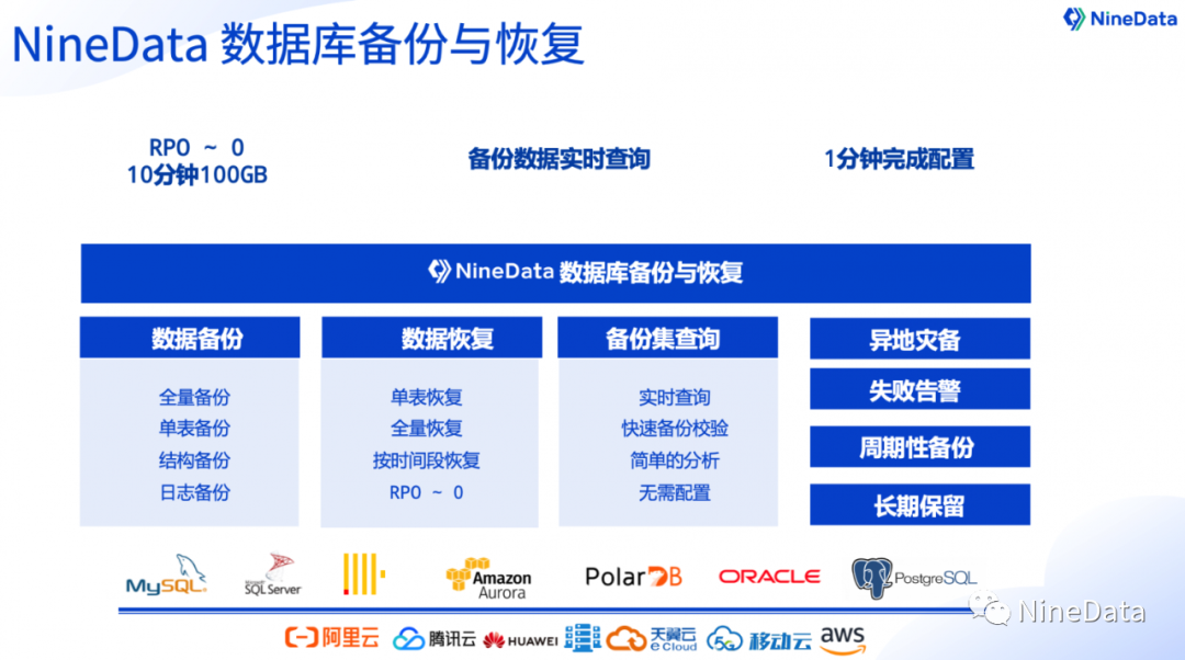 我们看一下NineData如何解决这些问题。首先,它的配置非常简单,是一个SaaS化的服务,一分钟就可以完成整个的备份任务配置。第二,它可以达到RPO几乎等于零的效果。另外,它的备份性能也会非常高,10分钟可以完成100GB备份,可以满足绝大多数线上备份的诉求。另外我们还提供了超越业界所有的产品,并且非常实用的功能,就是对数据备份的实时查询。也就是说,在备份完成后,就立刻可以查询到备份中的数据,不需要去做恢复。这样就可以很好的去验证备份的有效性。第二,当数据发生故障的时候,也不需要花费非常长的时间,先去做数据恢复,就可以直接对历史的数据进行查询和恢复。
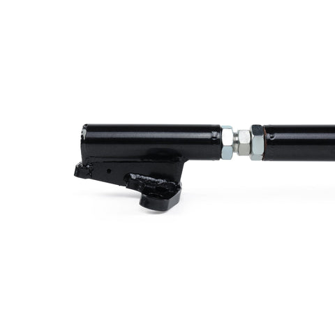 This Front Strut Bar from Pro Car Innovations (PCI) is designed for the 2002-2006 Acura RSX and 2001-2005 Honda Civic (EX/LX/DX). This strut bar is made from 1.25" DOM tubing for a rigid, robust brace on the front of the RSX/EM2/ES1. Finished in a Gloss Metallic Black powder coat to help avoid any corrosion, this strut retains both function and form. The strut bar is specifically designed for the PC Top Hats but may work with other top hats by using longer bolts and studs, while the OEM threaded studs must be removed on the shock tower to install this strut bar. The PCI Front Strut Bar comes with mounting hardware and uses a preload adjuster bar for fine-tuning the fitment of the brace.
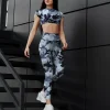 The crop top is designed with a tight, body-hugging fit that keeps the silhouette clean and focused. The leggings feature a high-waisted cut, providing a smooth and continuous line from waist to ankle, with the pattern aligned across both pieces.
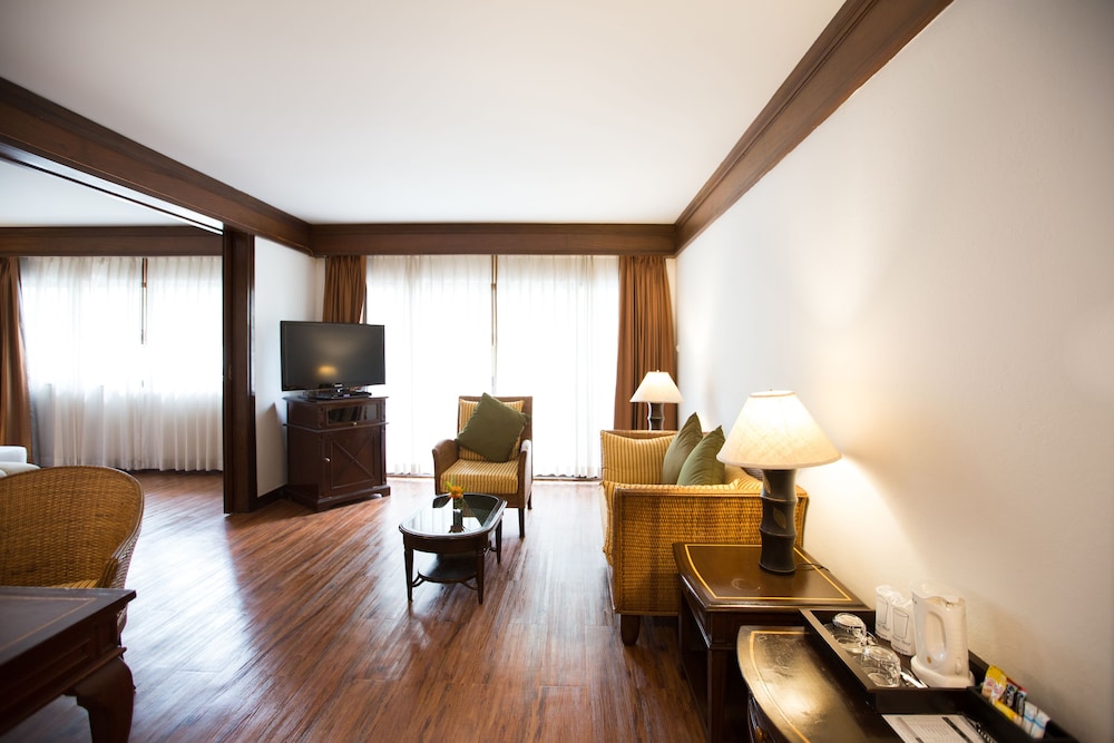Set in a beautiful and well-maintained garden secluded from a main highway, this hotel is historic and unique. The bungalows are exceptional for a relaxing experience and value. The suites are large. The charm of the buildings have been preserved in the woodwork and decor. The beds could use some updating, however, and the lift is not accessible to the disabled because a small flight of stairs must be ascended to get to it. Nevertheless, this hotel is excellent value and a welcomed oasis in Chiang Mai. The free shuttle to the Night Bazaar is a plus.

★ ★ ★ ★ ★

A faithful copy of all the data above, without its pictures, is the expected result.

Response to the exercise:
 我们看一下NineData如何解决这些问题。首先,它的配置非常简单,是一个SaaS化的服务,一分钟就可以完成整个的备份任务配置。第二,它可以达到RPO几乎等于零的效果。另外,它的备份性能也会非常高,10分钟可以完成100GB备份,可以满足绝大多数线上备份的诉求。另外我们还提供了超越业界所有的产品,并且非常实用的功能,就是对数据备份的实时查询。也就是说,在备份完成后,就立刻可以查询到备份中的数据,不需要去做恢复。这样就可以很好的去验证备份的有效性。第二,当数据发生故障的时候,也不需要花费非常长的时间,先去做数据恢复,就可以直接对历史的数据进行查询和恢复。
 This Front Strut Bar from Pro Car Innovations (PCI) is designed for the 2002-2006 Acura RSX and 2001-2005 Honda Civic (EX/LX/DX). This strut bar is made from 1.25" DOM tubing for a rigid, robust brace on the front of the RSX/EM2/ES1. Finished in a Gloss Metallic Black powder coat to help avoid any corrosion, this strut retains both function and form. The strut bar is specifically designed for the PC Top Hats but may work with other top hats by using longer bolts and studs, while the OEM threaded studs must be removed on the shock tower to install this strut bar. The PCI Front Strut Bar comes with mounting hardware and uses a preload adjuster bar for fine-tuning the fitment of the brace.
 The crop top is designed with a tight, body-hugging fit that keeps the silhouette clean and focused. The leggings feature a high-waisted cut, providing a smooth and continuous line from waist to ankle, with the pattern aligned across both pieces.
Set in a beautiful and well-maintained garden secluded from a main highway, this hotel is historic and unique. The bungalows are exceptional for a relaxing experience and value. The suites are large. The charm of the buildings have been preserved in the woodwork and decor. The beds could use some updating, however, and the lift is not accessible to the disabled because a small flight of stairs must be ascended to get to it. Nevertheless, this hotel is excellent value and a welcomed oasis in Chiang Mai. The free shuttle to the Night Bazaar is a plus.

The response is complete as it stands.